Der Major
Nichts enthüllt mir so vertraulich und vermittelt mir so uneingeschränkt die Substanz meines angeborenen Unglücks wie die Form der Träumerei, die ich tatsächlich am zärtlichsten liebe, den Balsam, den ich heimlich am häufigsten wähle, um meine tiefe Lebensangst zu lindern. Die Quintessenz dessen, was ich wünsche, ist dies: das Leben zu schlafen. Ich liebe das Leben zu sehr, um es mir gelebt zu wünschen; ich liebe das ungelebte Leben zu sehr, um ein unangebrachtes Verlangen nach ihm zu verspüren.
Deshalb ist mir der Traum, den ich hier niederschreibe, der liebste von all meinen Träumen.
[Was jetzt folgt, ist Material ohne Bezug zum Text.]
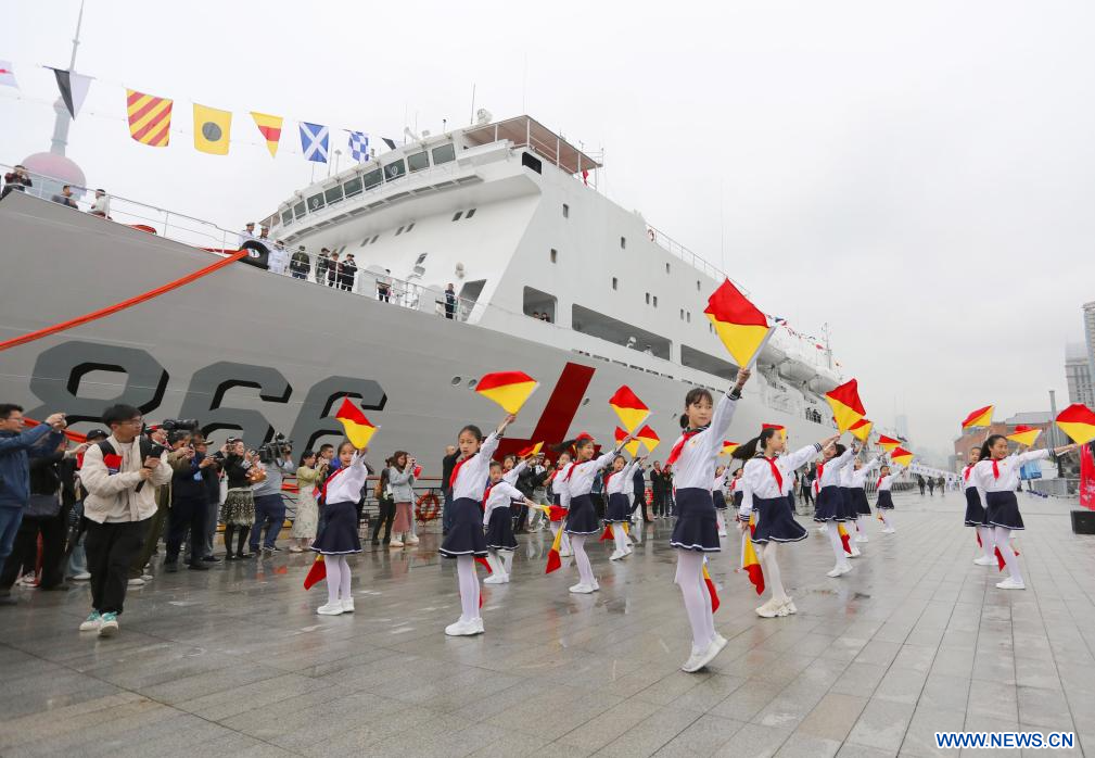 SHANGHAI, 23 abril, 2024 (Xinhua) -- Estudiantes realizan una presentación durante un evento de jornada de puertas abiertas en un puerto, en Shanghai, en el este de China, el 23 de abril de 2024. La Armada del Ejército Popular de Liberación de China celebró eventos de jornadas de puertas abiertas en Shanghai el martes para conmemorar el 75º aniversario de su fundación. Los visitantes pudieron recorrer el destructor de misiles teledirigidos Zibo y el buque hospital "Arca de la Paz" en el evento. (Xinhua/Fang Zhe)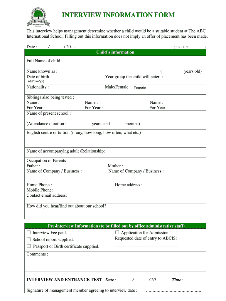 INTERVIEW INFORMATION From This interview helps management determine whether a child would be a suitable student at The ABC International School. Filling out this information does not imply an offer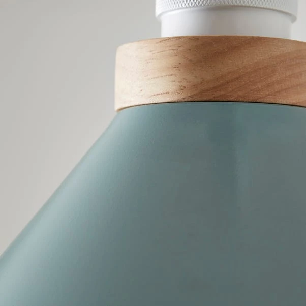 Charming scalloped edges and a matt finished metal shade with natural wood detailing make this pendant a delightful addition to any room. Easy to install – with no electrician required!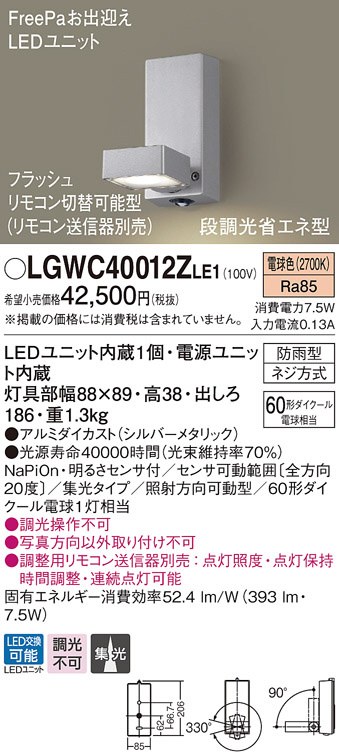 PANASONIC ¥Ñ¥Ê¥½¥Ë¥Ã¥¯ ¥¨¥¯¥¹¥Æ¥ê¥¢¡¦¥¢¥¦¥È¥É¥¢ LGWC40012ZLE1
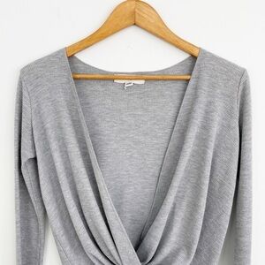 Urban Outfitters Project Social Gray Waffle Faux Wrap Long Sleeve Top. Deep V- neckline. Long sleeves. Pullover styling. Waffle knit. Wrap front.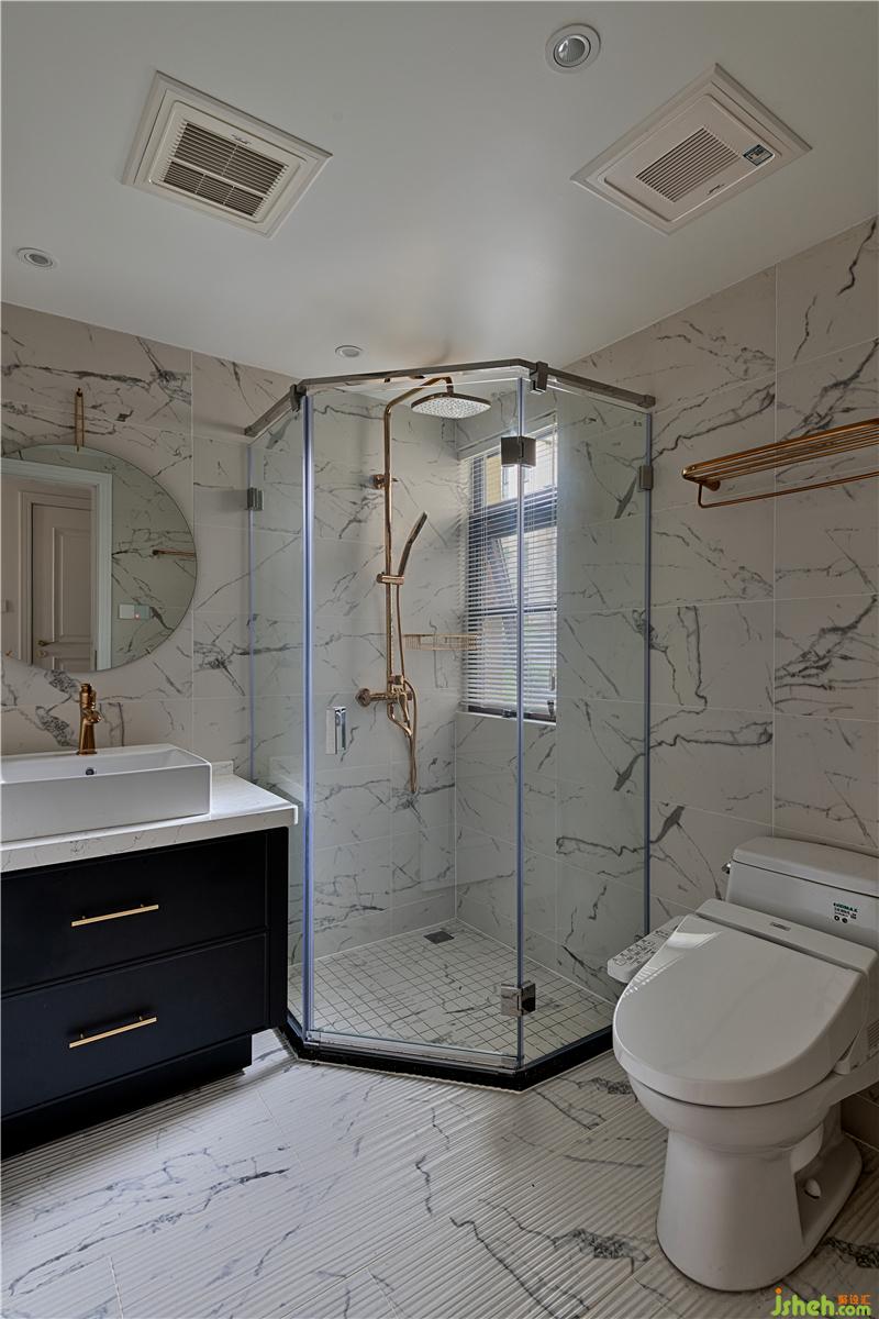 卫浴空间色彩搭配干净,干湿分离将淋浴区与其他功能区域进行划分,既可保持卫浴场地的干燥卫生,又能维持浴室整体环境的整洁美观。

Abends, wenn es still ist in der Wohnung, da die Vermieter ausgegangen oder in Schweigen verfallen sind, verschließe ich mein Fenster bisweilen mit den schweren Innenläden, mache es mir, in einem alten Anzug, in meinem tiefen Sessel bequem und gebe mich dem Traum hin, in dem ich ein Major außer Dienst bin, der in einem Hotel in der Provinz nach dem Abendessen mit dem einen oder anderen etwas nüchterneren Tischgenossen als er selbst träge und grundlos zusammensitzt.
So, stelle ich mir vor, bin ich geboren. Die Jugend des Majors im Ruhestand interessiert mich sowenig wie seine militärischen Rangstufen, über die er dahin gekommen ist, wonach es mich sehnt. Unabhängig von Zeit und Leben besitzt der Major, der ich mir vorstelle zu sein, kein Vorleben, noch hat oder hatte er Familie; er lebt ewig in diesem Leben jenes Provinzhotels, müde schon der Unterhaltungen und Witze mit den Gefährten seines Verweilens.